Uno de sus recuerdos más crudos es de dentro de un aula. Necesitaba ir al baño: "Levanté la mano y le pregunté a la monja que a qué hora era el recreo porque necesitaba ir al servicio". Para enseñar a las demás niñas que había que ser obediente y no interrumpir, la monja la llamó a la tarima para que apoyara las manos sobre su mesa: "Me obligó a ponerme de espaldas a las demás y con la regla de metro y medio me dio un primer golpe en la espalda. Me subió la falda. Sentí el latigazo de la regla sobre el culo una primera vez, una segunda, tercera, cuarta... Se me cerró la garganta y no pude más. Acabé haciéndome pis allí mismo, delante de todas". Admite que el "mejor" castigo para ella era el aislamiento. Así, encerrada en el último piso durante días sin comer, estaba sola pero podía leer. Devoraba los libros y, gracias a ello, empezó a escribir.
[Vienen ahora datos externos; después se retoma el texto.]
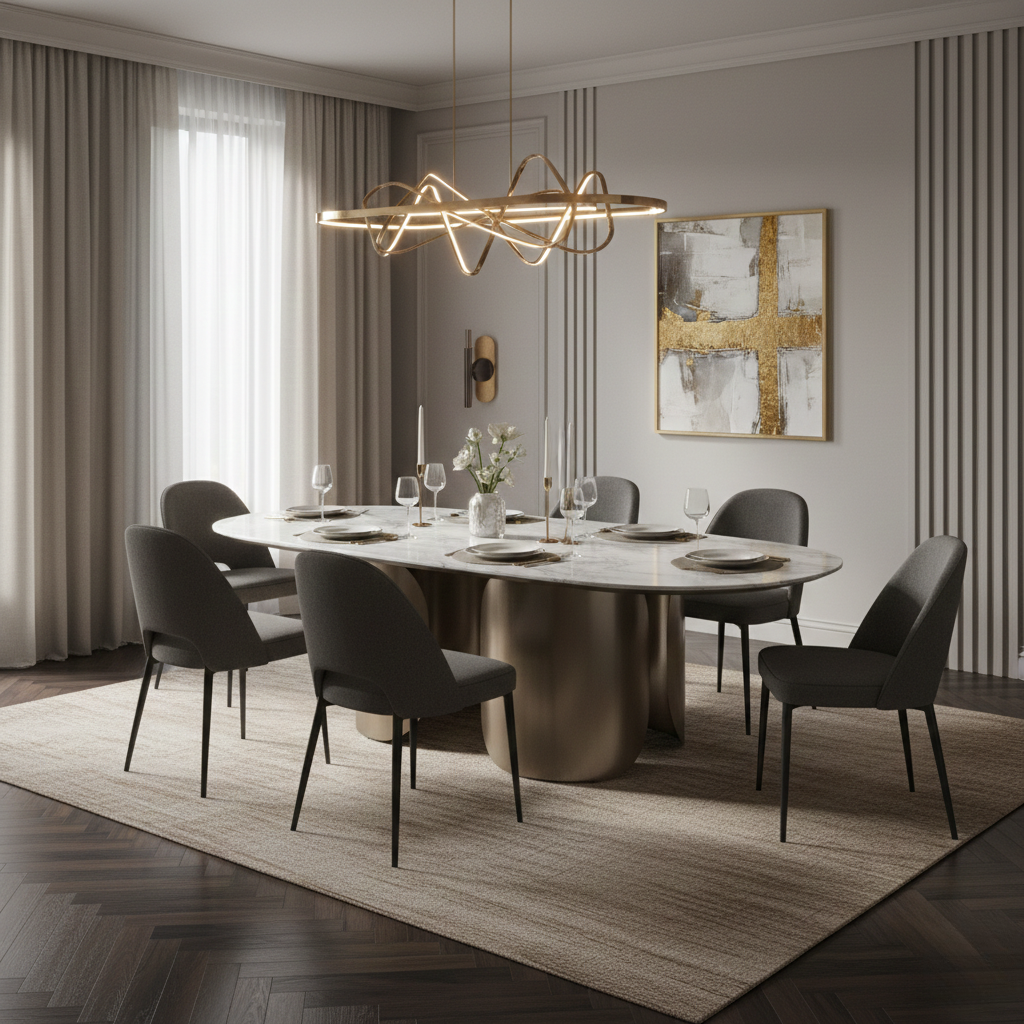 Di pusat setiap rumah yang aspiratif, terdapat sebuah titik temu di mana cerita dibagikan dan kenangan abadi diciptakan melalui perjamuan yang hangat. Lise Dining Table 3.0 hadir bukan sekadar sebagai furnitur fungsional, melainkan sebagai sebuah mahakarya visual yang menggabungkan kekuatan elemen bumi dengan presisi arsitektur modern. Dengan siluet oval yang mengalir mulus dan dimensi yang megah, meja ini menjadi simbol prestise yang mengubah setiap ruang makan menjadi galeri seni pribadi, mengundang setiap tamu untuk merasakan kemewahan yang intim namun tetap tampak sangat berwibawa di setiap sudutnya.

Costumbre que fue su puerta de salida a una realidad "lacerante".

Un día apareció de visita la "señora de gris". Ni la quería, ni la esperaba. Justo después supo que tenía que escapar. De madrugada, cogió un colchón y se tiró desde la entrada del reformatorio. Era pequeña y el mundo exterior, desconocido. La pillaron y regresó, pero volvió a intentarlo. Allí y también en Valladolid, ciudad a la que fue trasladada después. Nunca supo por qué la llevaban de "colegio en colegio". Distinta localización, sí, pero mismas monjas y mismo reformatorio. La misma oscuridad, los mismos trabajos, las mismas manos sueltas que asomaban los mismos hábitos. Vuelta a la mala costumbre de huir y vuelta a un nuevo reformatorio. Así, hasta que un día, su padre adoptivo le dio un consejo: "Búscate la vida". Puede que lo hiciera para alejarla, de una vez, de la "señora de gris" y de la vida de los reformatorios. Lo que sucedió a partir de entonces tampoco fue fácil, pero sucedió al otro lado de esas ventanas altas con barrotes.

La historia de Fátima Díez —y todo lo que queda aquí por contar— se recoge en su libro La gravedad de las lágrimas. Un relato que nace con el apoyo de esas mujeres a las que llama "hermanas", mujeres como Consuelo García del Cid o Marije López, ambas también escritoras, gracias a quienes, a los 48 años, Díez fue realmente consciente de lo que había vivido. Escribir ese libro fue "una necesidad", según cuenta, para explicarles todo lo vivido a su hija e hijo, pero también para situarse en la lucha contra el avance de los movimientos de ultraderecha en el Estado español. Para que ninguna mujer tenga que volver a pasar por lo que pasaron ella y sus "hermanas".